Let’s go over hedge fund activity in other stocks – not necessarily in the same industry as The Goodyear Tire & Rubber Company (NASDAQ:GT) but similarly valued. These stocks are Silgan Holdings Inc. (NASDAQ:SLGN), ASGN Incorporated (NYSE:ASGN), Corporate Office Properties Trust (NYSE:OFC), and American National Insurance Company (NASDAQ:ANAT). This group of stocks’ market values resemble GT’s market value.
Ticker | No of HFs with positions | Total Value of HF Positions (x1000) | Change in HF Position |
---|---|---|---|
SLGN | 16 | 220385 | -2 |
ASGN | 14 | 177280 | -7 |
OFC | 15 | 189405 | -1 |
ANAT | 16 | 60381 | 1 |
Average | 15.25 | 161863 | -2.25 |
View table here if you experience formatting issues.
As you can see these stocks had an average of 15.25 hedge funds with bullish positions and the average amount invested in these stocks was $162 million.
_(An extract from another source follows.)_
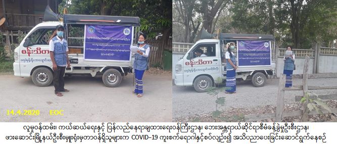 လူမှုဝန်ထမ်း၊ ကယ်ဆယ်ရေးနှင့် ပြန်လည်နေရာချထားရေးဝန်ကြီးဌာန၊ ဘေးအန္တရာယ်ဆိုင်ရာစီမံခန့်ခွဲမှုဦးစီး ဌာန၊ ဖားဆောင်းမြို့နယ်ဦးစီးမှူးရုံးမှတာဝန်ရှိသူများသည် (၁၄-၄-၂၀၂၀) ရက်နေ့တွင် ဖားဆောင်းမြို့နယ်၊ ဖားဆောင်းကျေးရွာအုပ်စု၊ တောင်ပေါ်ရွာ၌ COVID-19 ကူးစက်ရောဂါနှင့်စပ်လျဉ်း၍ ဆောင်ရန်/ရှောင်ရန် အချက်များကို အသိပညာပေးနှိုးဆော်ခဲ့ပါကြောင်း သတင်းရရှိပါသည်။

That figure was $632 million in GT’s case. Silgan Holdings Inc. (NASDAQ:SLGN) is the most popular stock in this table. On the other hand ASGN Incorporated (NYSE:ASGN) is the least popular one with only 14 bullish hedge fund positions. Compared to these stocks The Goodyear Tire & Rubber Company (NASDAQ:GT) is more popular among hedge funds. Our calculations showed that top 20 most popular stocks among hedge funds returned 41.3% in 2019 and outperformed the S&P 500 ETF (SPY) by 10.1 percentage points. Unfortunately GT wasn’t nearly as popular as these 20 stocks and hedge funds that were betting on GT were disappointed as the stock returned -20.9% in 2019 and trailed the market. If you are interested in investing in large cap stocks with huge upside potential, you should check out the top 20 most popular stocks among hedge funds as 65 percent of these stocks outperformed the market in 2019.